The country’s number 9 automaker (selling over 1.2 million vehicles in 2022), that has gone through a bumpy ride recently (with several changes of shareholders before coming back in the orbit of the SASAC [State-owned Assets Supervision and Administration Commission] of its home-town Wuhu), was a pioneer as far back as 2003.
A pioneer turned wrong ?
It produced then its legendary « QQ », the first nationally designed modern car – although designers of its quasi-twin GM-Daewoo Matiz strongly contested this qualification at the time.
More recently, it has been among the early players in the development of EVs (Electric Vehicles), accounting for 22% of its sales last year, and ranking it number 6 among Chinese actors on that dynamic field.
Nevertheless, when Chery acquired Wuhu Shipyard Co in 2007, its innovative policy was considered with some circumspection – to say the least.
The fact a money-earning automaker would buy from giant CSSC (China State Shipbuilding Corp.) a struggling small tankers and bulk carriers builder, was considered as nothing more than a local arrangement for keeping the latter afloat.
Sixteen years on
Sixteen years on, the promoters of Chery’s shipbuilding diversification may have their revenge.
Beginning of this year, Wuhu Shipyard has served as the vehicle for acquiring the assets of Sanjin Shipbuilding Industry Co in Weihai (Shandong).

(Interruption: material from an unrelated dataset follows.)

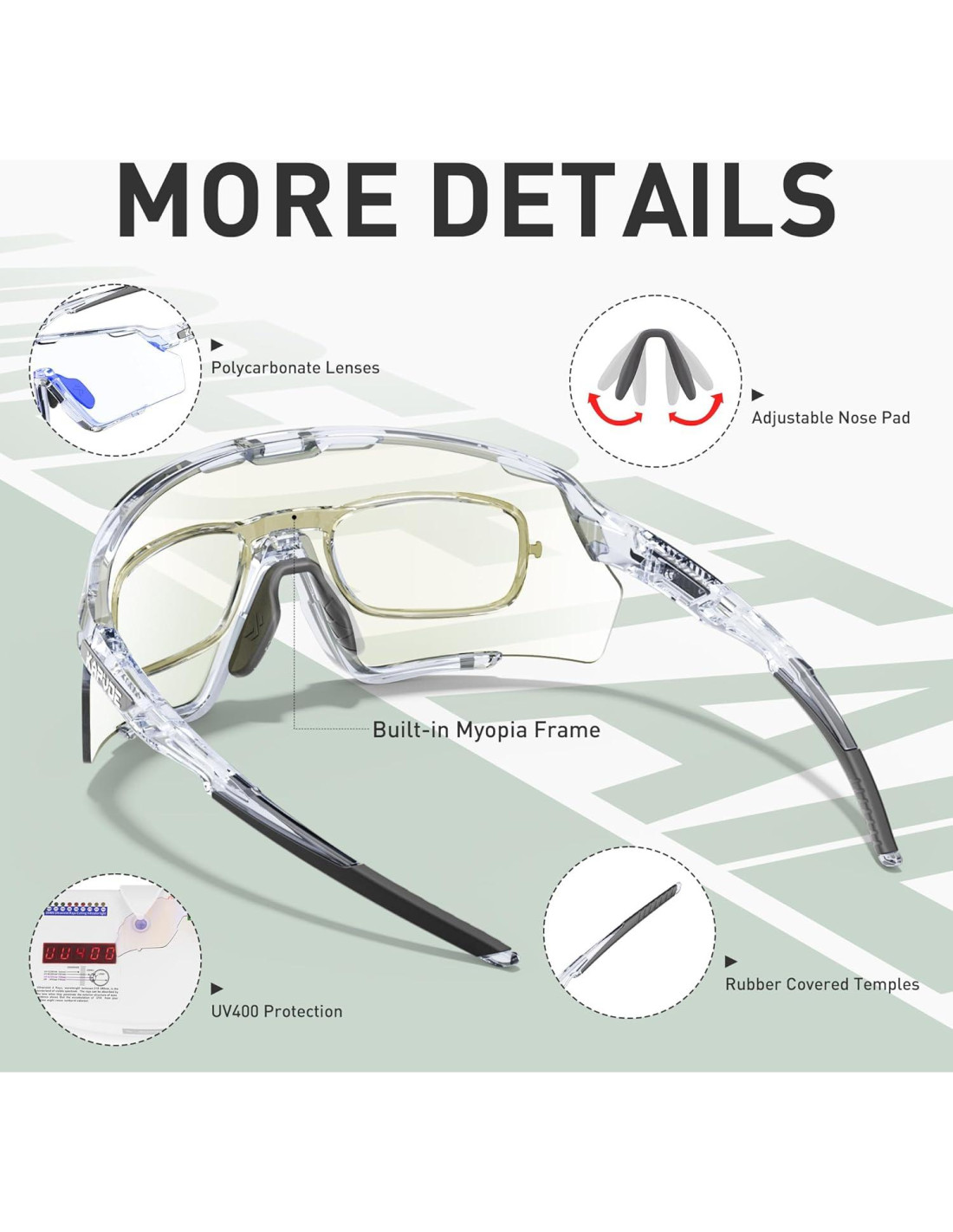 - [Lente PC Fotochromic] La lente fotochromic cambiará de clara a color profundo en respuesta a la intensidad de la radiación ultravioleta. Estas gafas de sol deportivas de transición se activan con los rayos UV para oscurecerse cuando están expuestas al sol, y cuando la luz disminuye o entras en un lugar cerrado, las lentes vuelven suavemente a ser claras. Este proceso de transición suave ayuda a aliviar la fatiga ocular por cambios rápidos de luz.

And this time, the rationale is clear for any observer.
The shipyard established in 2000 by South Korea’s Samjin Shipbuilding has been in a difficult situation recently ; but it has knowledge (although dating) on PCTC (Pure Car and Truck Carriers) building.
And those vessels, dedicated to out-of-the-factory vehicles transport, have become the focus of China’s auto manufacturers attention since last year.
Preparing an export offensive based on their strong positioning on EVs, major Chinese automakers (including SAIC Motor, GAC [Guangzhou Auto Corp.] and BYD) have been, directly or through joint-ventures with shipping specialists, feeding the order-books of domestic shipyards dominating the global PCTC segment.
The Weihai acquisition could – pending confirmation of the shipyard’s capacity – prevent Chery from the escalating waiting times for ships delivery linked to that situation. And internalize benefits of building tools for its own use (with an order for three ships, able to carry 7,000 cars each, mentioned as following the acquisition) or for third parties.
Strategy in an evolving environment
Seeing foresight in the original Chery acquisition of Wuhu Shipyard would certainly be totally wrong – the local arrangement was the real motivation at the time.
But strategy is set in an evolving environment. And the odd acquisition of 2007 may transform in a valuable asset, as China’s automakers are preparing the Armada that will carry their global ambitions over the years to come, and Chery may build its own.